El fútbol mundial está por chocar de frente contra la crisis ambiental. Según un estudio del grupo World Weather Attribution (WWA), la Copa Mundial de Fútbol de 2026 se perfila como el torneo más peligroso de la historia en términos térmicos. Los científicos utilizaron el índice WBGT —que combina temperatura y humedad— para evaluar el estrés sobre el cuerpo humano, concluyendo que al menos el 25% de los 104 partidos programados se jugarán bajo condiciones que superan los límites de seguridad de FIFPRO. Esta problemática emergente obligará a la FIFA a implementar protocolos de refrigeración extremos para evitar colapsos en pleno campo de juego.
Desde que Estados Unidos fue sede en 1994, las probabilidades de sufrir temperaturas extremas se han multiplicado drásticamente. El riesgo no es solo una sensación térmica elevada; los expertos advierten sobre escenarios de «nivel de cancelación», donde la práctica deportiva se vuelve sencillamente imposible sin poner en riesgo la vida. Esta situación de la naturaleza, impulsada por décadas de emisiones sin control, expone la falta de infraestructura climática en sedes clave como Miami, Kansas City y Filadelfia, donde la humedad sofocante impide que el organismo se enfríe naturalmente.

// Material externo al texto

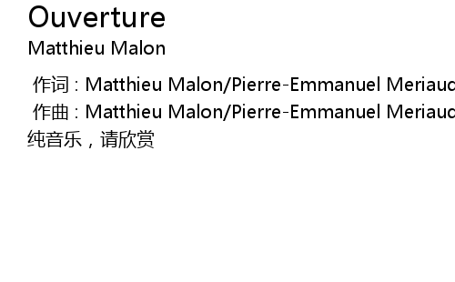 | [00:01.000] | zuo qu : Matthieu Malon PierreEmmanuel Meriaud |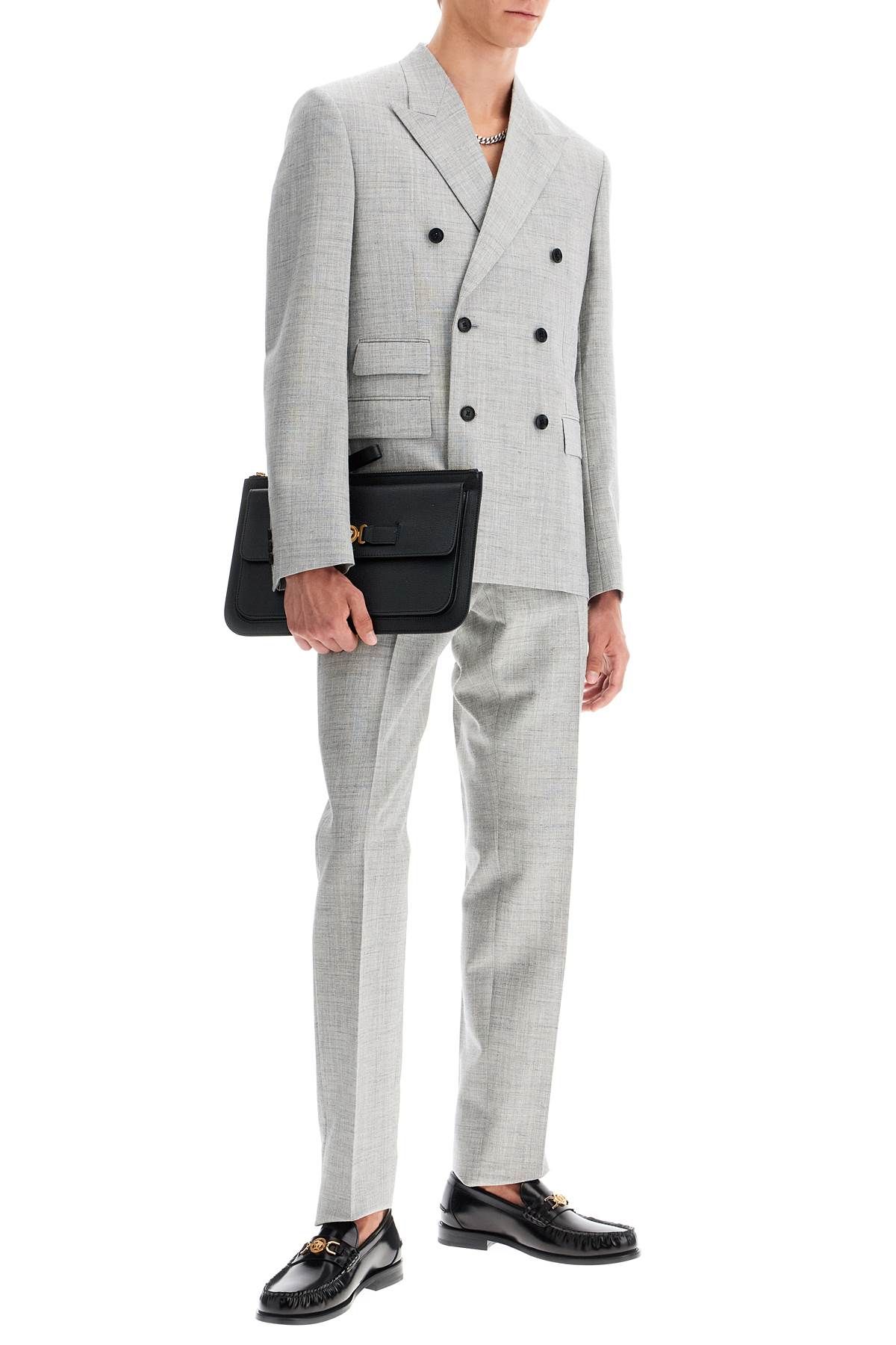 This Versace double-breasted blazer is made of a wool blend fabric, finished with a jacquard tailoring label on the sleeve and partially lined with Barocco Sea print

Sedes vulnerables y estadios sin clima
La contracara de la organización es que la mayoría de los estadios elegidos no cuentan con sistemas de climatización avanzada. De hecho, solo tres sedes disponen de techos y refrigeración interior, dejando al resto de los encuentros a merced de olas de calor que hoy son más frecuentes e intensas que hace treinta años. La gestión del torneo podría verse forzada a realizar cambios de horario de último momento, trasladando partidos a la noche o madrugada para proteger a los miles de aficionados que llenarán las gradas, quienes también son víctimas directas de este tóxico invisible que es el calor extremo.
El deporte ante una encrucijada histórica
La situación del Mundial 2026 marca un precedente para todos los eventos masivos al aire libre. Los investigadores señalan que la adaptación de infraestructuras ya no es una opción, sino una necesidad de supervivencia para el espectáculo. El fútbol entra así de lleno en el debate sobre la urgencia de reducir emisiones; de lo contrario, el calendario deportivo internacional tendrá que transformarse por completo, abandonando las ediciones de verano en gran parte del planeta. La seguridad sanitaria debe estar por encima del negocio, en un contexto donde el clima ya empezó a jugar su propio partido.